** Opening SUPPLIED MATERIAL block **

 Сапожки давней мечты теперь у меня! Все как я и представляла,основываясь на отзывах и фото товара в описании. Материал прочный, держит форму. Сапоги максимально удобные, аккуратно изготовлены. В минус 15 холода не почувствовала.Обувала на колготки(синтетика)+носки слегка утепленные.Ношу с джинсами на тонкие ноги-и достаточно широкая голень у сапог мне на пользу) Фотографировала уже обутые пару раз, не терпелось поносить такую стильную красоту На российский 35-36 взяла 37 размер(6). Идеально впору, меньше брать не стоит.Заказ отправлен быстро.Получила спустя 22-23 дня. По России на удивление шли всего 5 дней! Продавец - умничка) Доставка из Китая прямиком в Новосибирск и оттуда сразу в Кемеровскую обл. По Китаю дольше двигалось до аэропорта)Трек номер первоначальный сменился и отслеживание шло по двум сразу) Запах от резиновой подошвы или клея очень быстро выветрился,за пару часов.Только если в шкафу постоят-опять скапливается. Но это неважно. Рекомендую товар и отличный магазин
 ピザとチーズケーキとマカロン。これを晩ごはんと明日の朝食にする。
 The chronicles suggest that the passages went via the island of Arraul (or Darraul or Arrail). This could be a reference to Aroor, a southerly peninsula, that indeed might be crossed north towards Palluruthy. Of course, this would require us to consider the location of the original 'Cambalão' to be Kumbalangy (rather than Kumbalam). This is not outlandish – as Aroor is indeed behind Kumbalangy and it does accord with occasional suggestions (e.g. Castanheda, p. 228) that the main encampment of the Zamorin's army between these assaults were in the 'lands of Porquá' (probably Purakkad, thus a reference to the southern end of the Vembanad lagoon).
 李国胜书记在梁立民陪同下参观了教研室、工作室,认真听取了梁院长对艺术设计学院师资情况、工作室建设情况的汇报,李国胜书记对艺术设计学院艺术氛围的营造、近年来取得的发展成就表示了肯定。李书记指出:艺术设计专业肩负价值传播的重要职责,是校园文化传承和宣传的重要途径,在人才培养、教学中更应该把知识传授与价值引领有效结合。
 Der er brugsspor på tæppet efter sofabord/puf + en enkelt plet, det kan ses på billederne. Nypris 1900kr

** Closing SUPPLIED MATERIAL block **
** Opening SUPPLIED MATERIAL block **

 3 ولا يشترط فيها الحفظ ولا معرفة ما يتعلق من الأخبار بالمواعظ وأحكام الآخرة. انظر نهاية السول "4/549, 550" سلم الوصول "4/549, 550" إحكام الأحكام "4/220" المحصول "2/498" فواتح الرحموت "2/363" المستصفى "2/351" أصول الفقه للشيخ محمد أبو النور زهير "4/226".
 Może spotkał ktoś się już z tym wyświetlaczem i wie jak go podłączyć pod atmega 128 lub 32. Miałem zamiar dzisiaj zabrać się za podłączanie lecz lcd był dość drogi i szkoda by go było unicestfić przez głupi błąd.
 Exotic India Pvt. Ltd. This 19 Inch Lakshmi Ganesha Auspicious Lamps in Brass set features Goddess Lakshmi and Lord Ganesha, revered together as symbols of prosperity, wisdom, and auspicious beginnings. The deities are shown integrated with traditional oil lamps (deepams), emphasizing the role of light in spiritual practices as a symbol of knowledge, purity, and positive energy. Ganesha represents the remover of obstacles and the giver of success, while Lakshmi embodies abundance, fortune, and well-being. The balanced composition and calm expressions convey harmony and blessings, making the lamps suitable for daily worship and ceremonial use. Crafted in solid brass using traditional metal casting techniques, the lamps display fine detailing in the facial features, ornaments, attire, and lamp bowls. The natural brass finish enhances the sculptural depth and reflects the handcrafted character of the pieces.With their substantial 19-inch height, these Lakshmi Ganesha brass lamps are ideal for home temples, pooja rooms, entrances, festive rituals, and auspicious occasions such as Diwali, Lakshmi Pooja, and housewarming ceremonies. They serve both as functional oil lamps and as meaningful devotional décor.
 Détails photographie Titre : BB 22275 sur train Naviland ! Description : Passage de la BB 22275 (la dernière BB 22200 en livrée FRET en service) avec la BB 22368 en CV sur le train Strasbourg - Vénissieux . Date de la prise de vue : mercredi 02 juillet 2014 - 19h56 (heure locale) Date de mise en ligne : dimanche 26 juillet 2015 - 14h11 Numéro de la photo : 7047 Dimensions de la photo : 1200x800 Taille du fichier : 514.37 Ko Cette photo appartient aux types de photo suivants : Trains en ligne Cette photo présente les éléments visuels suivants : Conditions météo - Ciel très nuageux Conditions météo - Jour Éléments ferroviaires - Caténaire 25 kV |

** Closing SUPPLIED MATERIAL block **

PROBLEM TO WORK ON: Copy out, word for word, the part of the entries above that begins at the line with "3 ولا يشترط" and ends at the line with "Exotic India Pvt.", including both.

WRITTEN SOLUTION:
 3 ولا يشترط فيها الحفظ ولا معرفة ما يتعلق من الأخبار بالمواعظ وأحكام الآخرة. انظر نهاية السول "4/549, 550" سلم الوصول "4/549, 550" إحكام الأحكام "4/220" المحصول "2/498" فواتح الرحموت "2/363" المستصفى "2/351" أصول الفقه للشيخ محمد أبو النور زهير "4/226".
 Może spotkał ktoś się już z tym wyświetlaczem i wie jak go podłączyć pod atmega 128 lub 32. Miałem zamiar dzisiaj zabrać się za podłączanie lecz lcd był dość drogi i szkoda by go było unicestfić przez głupi błąd.
 Exotic India Pvt. Ltd. This 19 Inch Lakshmi Ganesha Auspicious Lamps in Brass set features Goddess Lakshmi and Lord Ganesha, revered together as symbols of prosperity, wisdom, and auspicious beginnings. The deities are shown integrated with traditional oil lamps (deepams), emphasizing the role of light in spiritual practices as a symbol of knowledge, purity, and positive energy. Ganesha represents the remover of obstacles and the giver of success, while Lakshmi embodies abundance, fortune, and well-being. The balanced composition and calm expressions convey harmony and blessings, making the lamps suitable for daily worship and ceremonial use. Crafted in solid brass using traditional metal casting techniques, the lamps display fine detailing in the facial features, ornaments, attire, and lamp bowls. The natural brass finish enhances the sculptural depth and reflects the handcrafted character of the pieces.With their substantial 19-inch height, these Lakshmi Ganesha brass lamps are ideal for home temples, pooja rooms, entrances, festive rituals, and auspicious occasions such as Diwali, Lakshmi Pooja, and housewarming ceremonies. They serve both as functional oil lamps and as meaningful devotional décor.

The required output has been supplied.